(RxWiki News) Tremors in the upper limbs are a major concern for two-thirds of multiple sclerosis (MS) patients as they can contribute to disability and are considered by to be one of the most difficult symptoms to treat.
Botulinum toxin has been show to reduce tremors in MS patients, but not without side effects.
A recent study seeks to evaluate the safety and effectiveness of botulinum toxin type A MS for upper limb tremor.
The study was led by Anneke van der Walt, MD, consultant neurologist at The Royal Melbourne Hospital and research fellow with the University of Melbourne in Australia and published in the July issue of Neurology, the medical journal of the American Academy of Neurology.
Thirty-three upper limbs from 23 MS patients received either botulinum toxin type A or a placebo for three months. For the next three months, those that received the botulinum toxin were given the placebo and the placebo group was given the botulinum toxin.
"Discuss any concerns with your doctor before treating tremors."
Tremor severity and the ability to write and draw before, during and after receiving the treatments were measured. Video assessments from an independent rater were taken every six weeks for six months.

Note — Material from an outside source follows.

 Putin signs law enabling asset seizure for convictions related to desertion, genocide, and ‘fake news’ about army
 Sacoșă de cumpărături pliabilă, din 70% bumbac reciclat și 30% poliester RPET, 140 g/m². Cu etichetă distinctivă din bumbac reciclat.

Results improved significantly more at six weeks and three months after the botulinum toxin than with the placebo.
Outcomes were scored on a ten point scale. Botulinum toxin participants improved an average of two points on tremor severity and an average of one point on writing and drawing.
“Tremor can present significant functional limitations for some persons with MS,” said Nancy D. Chiaravalloti, PhD, Director of Neuropsychology & Neuroscience Research at Kessler Foundation.

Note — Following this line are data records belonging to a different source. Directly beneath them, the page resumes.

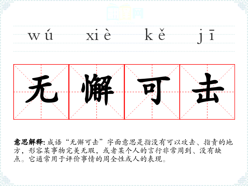 成语“无懈可击”字面意思是指没有可以攻击、指责的地方,形容某事物完美无瑕,或者某个人的言行非常周到、没有缺点。它通常用于评价事情的周全性或人的表现。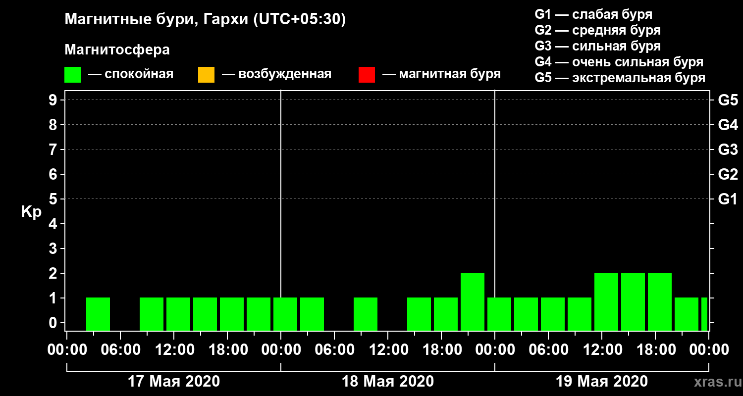 Изменения геомагнитного индекса Kp с 17 по 19 мая 2020 года для средних широт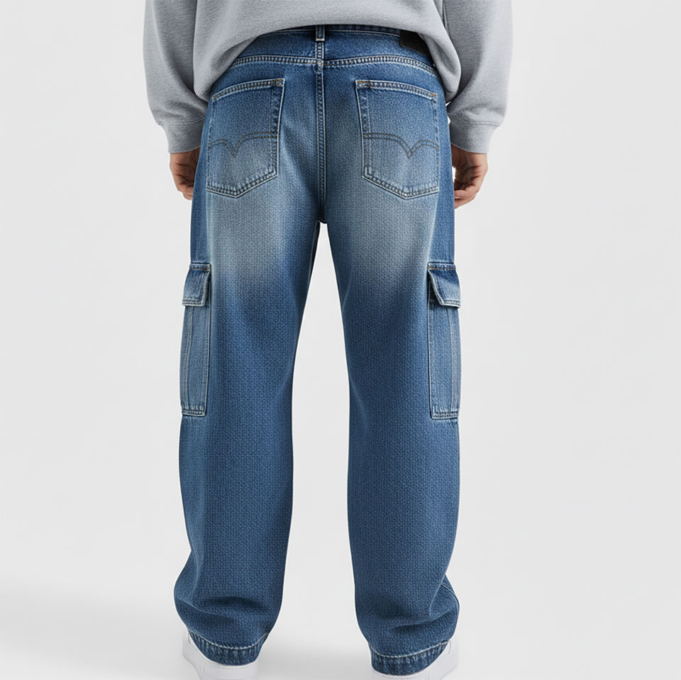 กางเกงยีนส์ทรงตรงสีฟ้าอ่อนแบบสโตนวอช ราคาส่งถูก ผลิตจากผ้าฝ้าย 100% หนัก 14 ออนซ์ มีกระเป๋าแบบคาร์โก้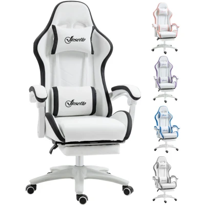 Vinsetto Computer Gaming Chair, PU Leather Desk Chair with Footrest, Swivel Task 135 Reclining Back and Lumbar Support, PC for Adults, White Black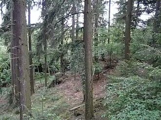 Karl August von Cohausen dokumentierte 1879 einen kleinen etwa handbreit hohen Steinwall von ovaler Form Südwest-Nordost ausgerichtet mit einer Größe von 40 Meter auf 24 Meter und nach Reliefaten etwa 1100 m2 Fläche bei 122 m Umfang einnehmend. Er veranlasste auch Wallschnitte, machte jedoch keine Funde.

“Importantly, gains were noted on both standardized assessments of tremor and functional tasks (writing, drawing, pouring). This indicates a daily life benefit of the treatment, which is essential to the lives of persons with MS.”
Tremors are caused by damaged areas along the complex nerve pathways needed for coordination and movement.
Current treatment methods for MS tremors include medications, physical therapy and surgery, but evidence of benefit is conflicting and treatments like surgery can have serious side effects.
The use of botulinum toxin could solve current major treatment challenges. However, botulinum toxin is known to have its own side effects.
Botulinum toxin can lead to decrease in muscle spasticity and strength. In this study, mild to moderate reversible muscle weakness was observed in 42 percent of people after botulinum toxin treatment and six percent after placebo.
The study was funded by Box Hill MS Research Fund and the Royal Melbourne Hospital Neuroscience Foundation. Allergen, the pharmaceutical company that makes Botox, donated 40 vials of the product for the study.
All authors have reported conflicts of interest with pharmaceutical companies including Bayer, Bioden Idec, GlaxoSmithKline, Sanofi-Aventis, Merck Serono, Pfizer, Allergan, Boehringer Ingelheim and UBC Pharma.